Print exactly what appears from the line containing "2X W5W 194 T10" through the final line of the data below, pictures excluded.

» **Recorded data**
********
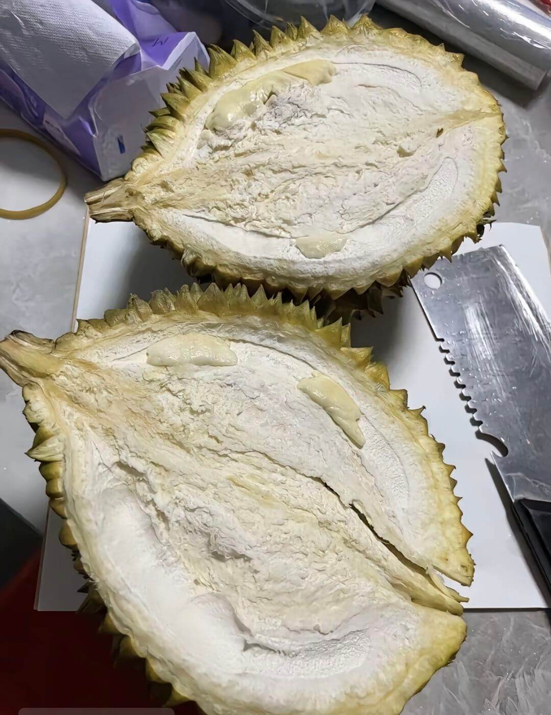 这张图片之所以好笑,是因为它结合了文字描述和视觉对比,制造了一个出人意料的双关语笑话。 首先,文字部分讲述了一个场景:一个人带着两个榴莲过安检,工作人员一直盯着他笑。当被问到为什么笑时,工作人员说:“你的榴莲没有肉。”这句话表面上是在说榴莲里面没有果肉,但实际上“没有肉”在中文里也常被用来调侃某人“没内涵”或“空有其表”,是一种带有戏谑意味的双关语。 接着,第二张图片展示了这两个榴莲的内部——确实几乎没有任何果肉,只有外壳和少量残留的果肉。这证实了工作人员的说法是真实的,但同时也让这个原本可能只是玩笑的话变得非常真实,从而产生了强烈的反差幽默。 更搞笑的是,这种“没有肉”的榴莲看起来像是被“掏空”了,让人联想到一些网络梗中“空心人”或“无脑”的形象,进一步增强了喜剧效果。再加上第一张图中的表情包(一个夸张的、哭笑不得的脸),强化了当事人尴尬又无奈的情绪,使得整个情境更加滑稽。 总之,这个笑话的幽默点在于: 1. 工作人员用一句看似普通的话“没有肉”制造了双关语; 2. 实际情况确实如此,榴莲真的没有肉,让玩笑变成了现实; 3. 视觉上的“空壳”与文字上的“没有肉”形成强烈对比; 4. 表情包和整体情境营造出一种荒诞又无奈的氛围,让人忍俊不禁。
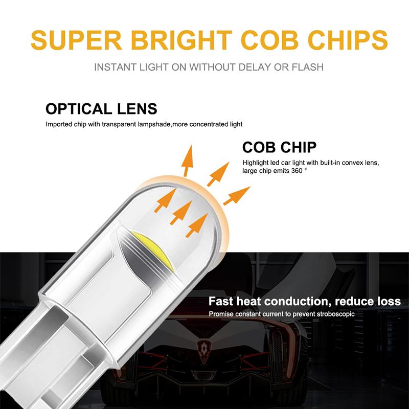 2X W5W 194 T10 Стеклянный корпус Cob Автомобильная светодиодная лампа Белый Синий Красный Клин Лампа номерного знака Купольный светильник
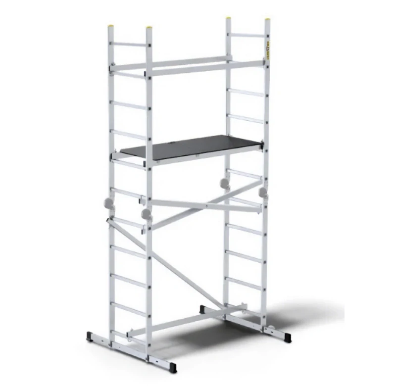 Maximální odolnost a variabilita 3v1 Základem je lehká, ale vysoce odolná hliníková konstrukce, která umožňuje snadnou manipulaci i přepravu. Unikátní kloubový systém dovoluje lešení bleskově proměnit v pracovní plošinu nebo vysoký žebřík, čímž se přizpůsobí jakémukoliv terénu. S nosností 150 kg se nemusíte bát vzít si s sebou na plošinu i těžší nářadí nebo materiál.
********
» **Problem solution**
 2X W5W 194 T10 Стеклянный корпус Cob Автомобильная светодиодная лампа Белый Синий Красный Клин Лампа номерного знака Купольный светильник
 Maximální odolnost a variabilita 3v1 Základem je lehká, ale vysoce odolná hliníková konstrukce, která umožňuje snadnou manipulaci i přepravu. Unikátní kloubový systém dovoluje lešení bleskově proměnit v pracovní plošinu nebo vysoký žebřík, čímž se přizpůsobí jakémukoliv terénu. S nosností 150 kg se nemusíte bát vzít si s sebou na plošinu i těžší nářadí nebo materiál.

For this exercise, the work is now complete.